No better example exists than the book More Than Good Intentions from the oft-lionized Innovations for Poverty Action institute at Yale University. The book is a genial, readable, entertaining demand for us all to become truth-seekers and truth-tellers -- to get real about the scourge of grinding poverty.

The authors are crusaders for hard-nosed research and evaluation (in particular, randomized controlled trials, the social science gold standard) of anti-poverty programs to inform an idealized donor, foundation program officer or social investor of the future, namely, the perfectly rational decision-maker.

The profession's conceit is that, until an academic evaluator evaluates it, every anti-poverty program is under suspicion. In the closed world of evaluation, what cannot be measured is invisible. What cannot be validated by an evaluator should not be funded.

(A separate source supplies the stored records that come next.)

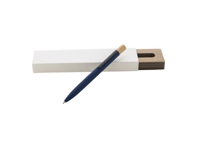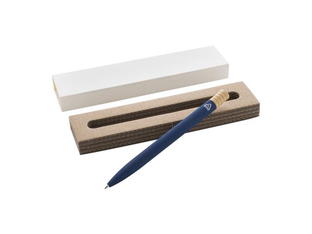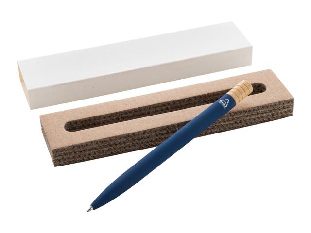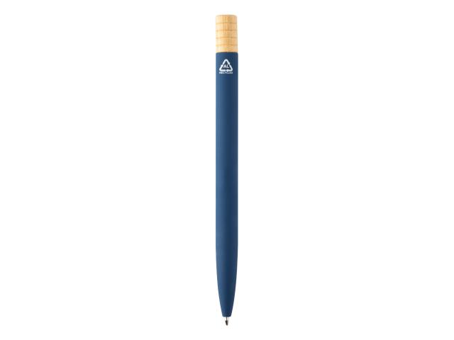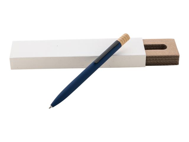 Recycled aluminium twist ballpoint pen with gunmetal finish clip and bamboo top. With blue refill. In kraft paper box.
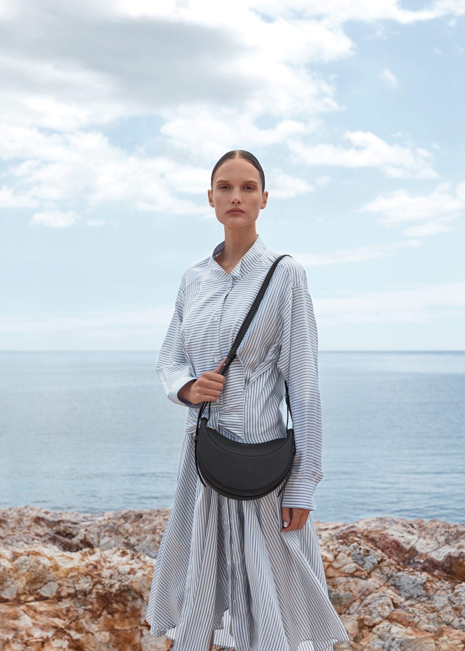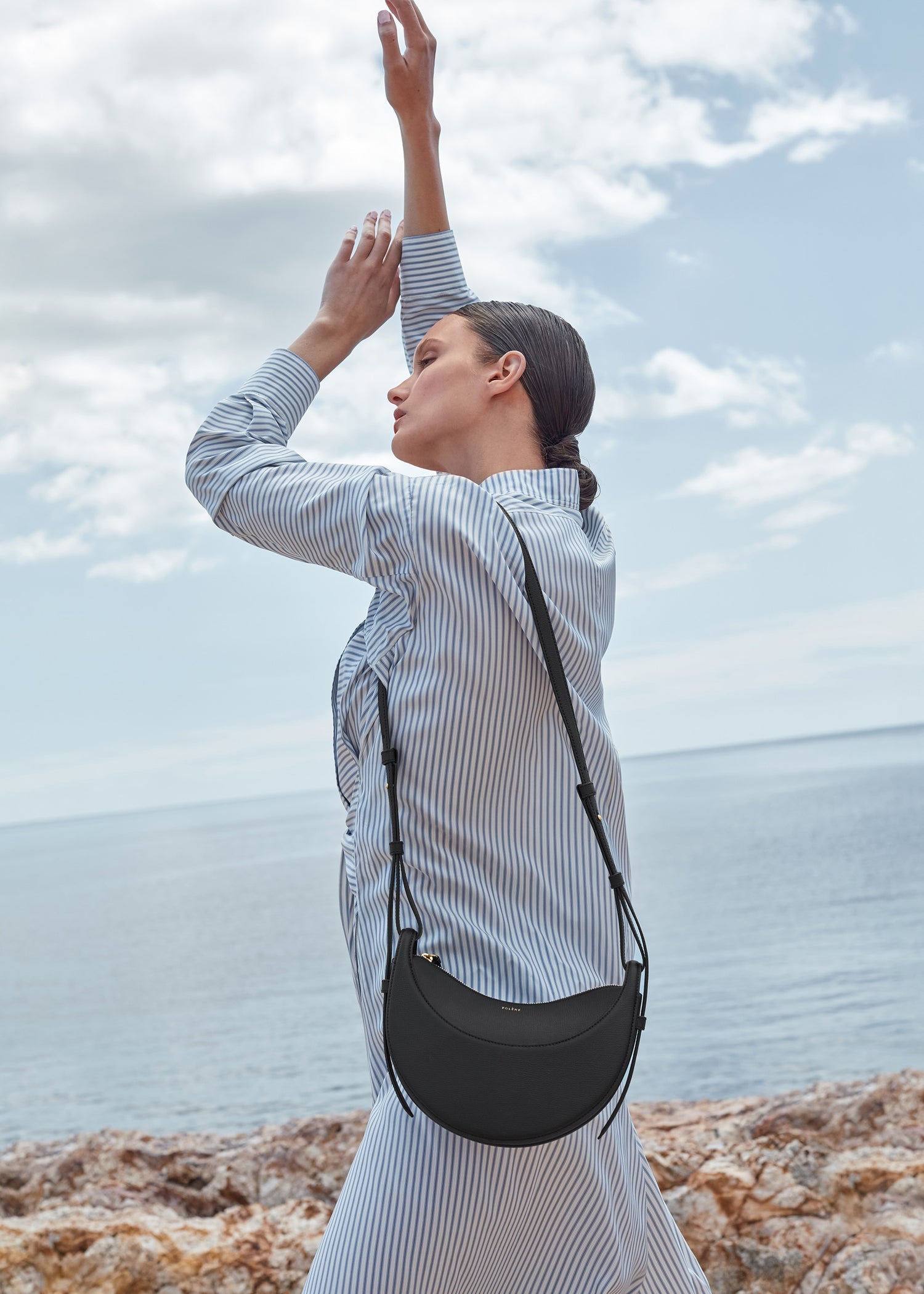 With its rounded shape, foam padding, and hand-stitching, the “Numéro Dix” is a nod to the equestrian codes of saddlery. Its half-moon design highlights juxtaposing curves.
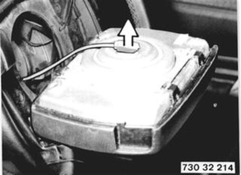 Pull off plug and remove SRS unit. Caution! Only lay the SRS unit aside (in trunk) with the impact pad facing up. Installation: Be careful not to pinch the wires. | ![]() |
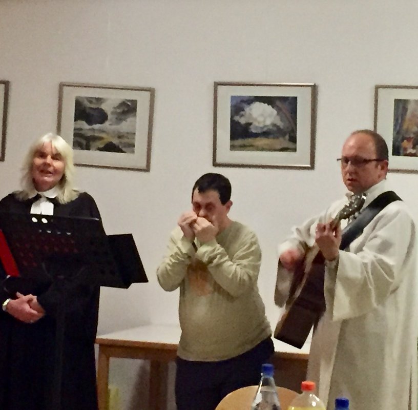 Musikalisch mitgestaltet wurde der ökumenische Gottesdienst von Pastoralreferent Heinrich Schmith an der Gitarre und Bewohner Stefan Wingerter an der Mundharmonika. Bei schönen Weihnachtsliedern wurde kräftig mitgesungen.

Responding to the United Nations definition of poverty ("Fundamentally, poverty is a denial of choices and opportunities, a violation of human dignity. It means lack of basic capacity to participate effectively in society."), the authors ask, "This may be entirely true and accurate. But is it useful?"

Perhaps I am living on a planet populated with people, but I love the U.N. poverty definition. All advocates for economic justice do.

Of course, what the authors mean by "useful" is that human dignity is hard to measure. Social impact measurement is inherently limited to reporting on what it can conceive and quantify.

Consider a neighborhood newspaper anywhere in the world. Computing the impact of a newspaper based on its circulation and advertising revenue produces its valuation, not its value. A paper is a social asset advancing free speech and fostering community cohesion. Our support for a free press is grounded in much more than an economist's research evaluation.

To the book's credit, it acknowledges the tension between personal commitment to social justice and the impersonal process of evaluation. But, after paying lip service to our complex and very human do-gooder impulses, in a classic example of escalating commitment, the authors persist in adamantly plugging their brand of academic research evaluation for deciding what works and doesn't in economic development.

At conferences, in research publications and in the offices of funders, the troubling trend is a forming hierarchy of hubris. Soon, in-the-trenches anti-poverty practitioners with long experience, community-based organizations close to their clients, market-based programs with real revenues and real customers, and experimental, innovative initiatives with great promise may be written off as woolly-headed, undisciplined or unscalable simply because they are un-evaluated.

To my way of thinking, this is upside down. Art critics more valued than artists? Sports writers more admired than athletes? Political pundits more powerful than elected leaders?

If foundations stopped funding social impact studies, would it remain a "hot" fad? Would anyone outside the halls of academia really care?

We need evaluators and critics. The rougher and tougher, the better. What we don't need is academic hegemony over activism.